У Алисы есть тайна: порой, когда дома никого из взрослых нет, она достает из шкафа скрипку и играет на ней для себя. Ведь когда тебя не заставляют, начинает хотеться. Правда, это желание с возрастом возникает все реже…
Но однажды, уже в шестом классе, умение Алисы играть на скрипке пригодилось науке.
Аркаша Сапожков начал проводить опыты по воздействию музыки на рост растений. Он был убежден, что растения не такие тупые и бесчувственные, как принято считать. И если их ублажать, они заплатят тебе сторицей. Вот и начал Сапожков ставить возле куста роз проигрыватель, чтобы тот играл цветам классическую музыку. Розы слушали музыку, но никак не реагировали.
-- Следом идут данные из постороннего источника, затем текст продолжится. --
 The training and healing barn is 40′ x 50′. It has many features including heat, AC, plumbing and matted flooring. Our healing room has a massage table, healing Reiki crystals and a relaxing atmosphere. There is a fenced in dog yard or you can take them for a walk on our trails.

Аркаша менял кассеты, перебрал всех композиторов за последние двести лет, но безрезультатно.
Его тщетные опыты как-то увидел и услышал Пашка Гераскин. Он тут же сказал, что Аркаша неправильно ставит опыт, потому что розам не нужны симфонии и кантаты. Розам нужен хороший джаз или по крайней мере рок-дроп и рок-джамп – два основных направления жесткой эстрадной музыки XXI века.
Аркаша не умел спорить с Гераскиным, так что тот поставил свои кассеты, и к концу дня кончики листьев на розовых кустах начали дрожать в такт ритму. Пашка обрадовался, закричал на всю Москву, что сделал эпохальное и гениальное открытие.
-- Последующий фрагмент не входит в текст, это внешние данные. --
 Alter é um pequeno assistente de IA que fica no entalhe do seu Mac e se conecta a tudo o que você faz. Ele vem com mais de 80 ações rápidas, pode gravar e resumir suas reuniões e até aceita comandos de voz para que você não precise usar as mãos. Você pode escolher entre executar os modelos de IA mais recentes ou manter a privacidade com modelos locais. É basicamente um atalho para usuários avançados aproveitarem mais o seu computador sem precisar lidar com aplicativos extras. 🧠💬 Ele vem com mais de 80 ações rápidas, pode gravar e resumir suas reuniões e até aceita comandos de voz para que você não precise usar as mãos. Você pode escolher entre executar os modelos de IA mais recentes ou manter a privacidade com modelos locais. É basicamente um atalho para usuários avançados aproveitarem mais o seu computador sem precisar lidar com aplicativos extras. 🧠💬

Прошло еще три дня. От громкой музыки устали не только биологи, но и жители окрестных домов. Даже птицы перестали петь на бульваре. Розовые кусты, хоть и угнетенные шумом, продолжали расти как росли, а Пашка Гераскин больше на станции не появлялся, потому что готовился к новому великому начинанию – первенству мира по блицдомино среди мальчиков. Уговорить его вернуться на станцию не удалось. Лишь на четвертый день он прислал на Гоголевский бульвар какого-то старичка в черном кожаном костюме с блестками и нашлепками, который заявил, что пленки принадлежат ему и он без них не может спать.
Биологи с великим облегчением вернули пленки и стали наслаждаться тишиной.
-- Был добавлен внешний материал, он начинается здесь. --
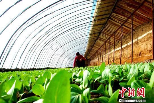 图为敦煌市月牙泉镇兰州村农民在温室中务作蔬菜。 张晓亮 摄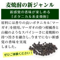 マーガオの持つ柑橘香と山椒のようなスパイシーさに、麦焼酎の持つ旨さを融合。

Они наслаждались тишиной целый день, а потом Аркаша подошел к Алисе и спросил:
– А правда, что тебя в детстве учили играть на скрипке?
– К счастью, я скоро сбежала из дому, – сообщила Алиса, – и жила в лесу, как Маугли, питалась медом диких пчел, а если видела в лесу скрипача, то разрывала его зубами!
Аркаша выслушал Алису, склонив голову набок. Он порой думает медленно, но всегда в конце концов находит правильное решение. Вот и в тот раз через минуту он медленно произнес:
– Это была шутка! – И сам счастливо засмеялся.
– В моей шутке была доля правды, – предупредила Алиса.
Аркаша не испугался. Он был серьезен.
– Ты не совсем разучилась играть на скрипке? – спросил он.
– А почему я должна разучиться?
– Много лет прошло. Ты же еще дошкольницей была.
– Чего тебе надо, друг? – строго спросила Алиса. – Ведь ты спрашиваешь не из пустого любопытства?
– Я никогда не позволю пустому любопытству овладеть мною, – ответил Аркаша.
– Тогда расскажи, что ты задумал.
Аркаша подошел к розовому кусту. Он смотрел на него и говорил печальным голосом:
– Все наши опыты пока провалились. Эти проклятые розы не хотят слушать музыку. Ни классическую, ни джазовую, ни рок-дроп, ни рок-джамп. А вдруг, подумал я, это происходит оттого, что музыка, которой мы питаем растения, ненастоящая? Ведь я начал свои опыты, потому что прочел о том, что средневековые монахи заставляли горох созревать скорее, играя перед ним на лютне. Ты следишь за ходом моих мыслей?
– Это несложно, – ответила Алиса.
Аркаша поперхнулся. Не очень приятно сознавать, что твои мысли несложные. Но так как он, в отличие от Пашки, не позволял себе шумных сцен, то, помолчав, продолжал:
– И я тогда подумал: а не предложить ли нашим цветам настоящую музыку? Живую! Сначала я хотел пригласить какого-нибудь скрипача или пианиста, а то и целый оркестр, но Маша Белая сказала, что ты в детстве училась играть на скрипке…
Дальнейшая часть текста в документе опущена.